Okay, so I’m a wildly competitive person. Particularly, I like to compete with myself—to reach goals that I’ve set for myself. Once I’ve achieved one, I quickly look onwards to the next. It’s a mindset which has helped me with many accomplishments I wouldn’t have achieved without it.
It’s also exhausting. And honestly sometimes purely detrimental to my creative process. You see, I used to view writing as purely for fun. I had stories I was hoping to finish one day, sure, but I never felt bad about not making progress. I just enjoyed them when inspiration struck. This wasn’t a way to finish projects, but it was entertaining.
Then along came NaNo — short for National Novel Writing Month, or the yearly online challenge in which thousands of writers around the world each pledge to write a novel in a month.

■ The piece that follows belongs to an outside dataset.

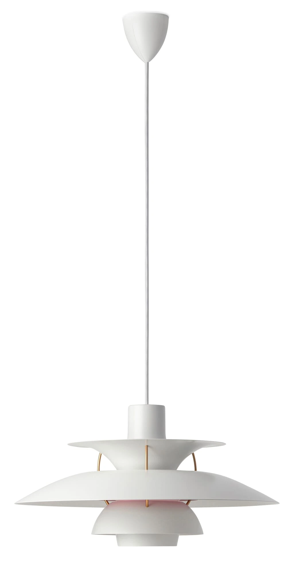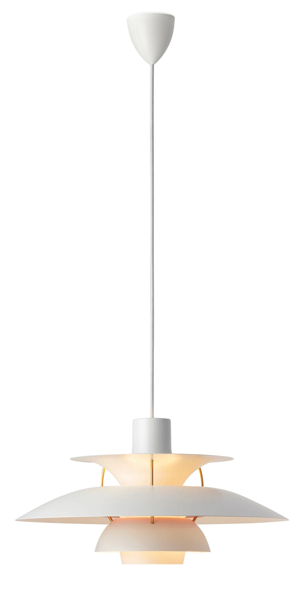 Beispielhaft umgesetzt ist Poul Henningsens Lichtsystem bei der 1958 eingeführten Pendelleuchte PH 5. Ganz gleich ob sie hoch im Raum oder niedrig über einem Tisch hängt, blenden wird sie nie – und zwar unabhängig von der gewählten Lichtquelle. Die Leuchte ist in ihrem Ursprungsland so ubiquitär verbreitet, dass man sie gefühlt in jedem Haushalt wähnt – wobei das ursprünglich weiße Original längst um diverse farbige Varianten ergänzt wurde. Ihren Namen verdankt die PH 5 übrigens dem größten Schirmsegment, dessen Durchmesser beeindruckende 50 Zentimeter misst. Die PH 5 richtet den größten Teil des abgestrahlten Lichts nach unten; das trompetenförmige obere Segment strahlt einen Teil des Lichts jedoch auch zu den Seiten ab, wodurch die Umgebung zusätzlich indirekt beleuchtet wird.

Fifty thousand words of one, in fact—starting at midnight on November 1st and ending thirty days later. Between the years of 2005 to 2007, I participated a few times without reaching the goal; each time I fell short feeling a little bit like I’d failed. That wasn’t enjoyable.
In 2014, something changed. It was the first year I hit the 50k mark, and the first time I ever finished writing a whole, book-length story. Once I realised I could do that, something within my writing mind shifted. The goal-oriented side that already controlled so much else in my life took over.
The pros of this: I actually began to finish projects. Within the next few years, I published my first two books. I felt like I was on a roll.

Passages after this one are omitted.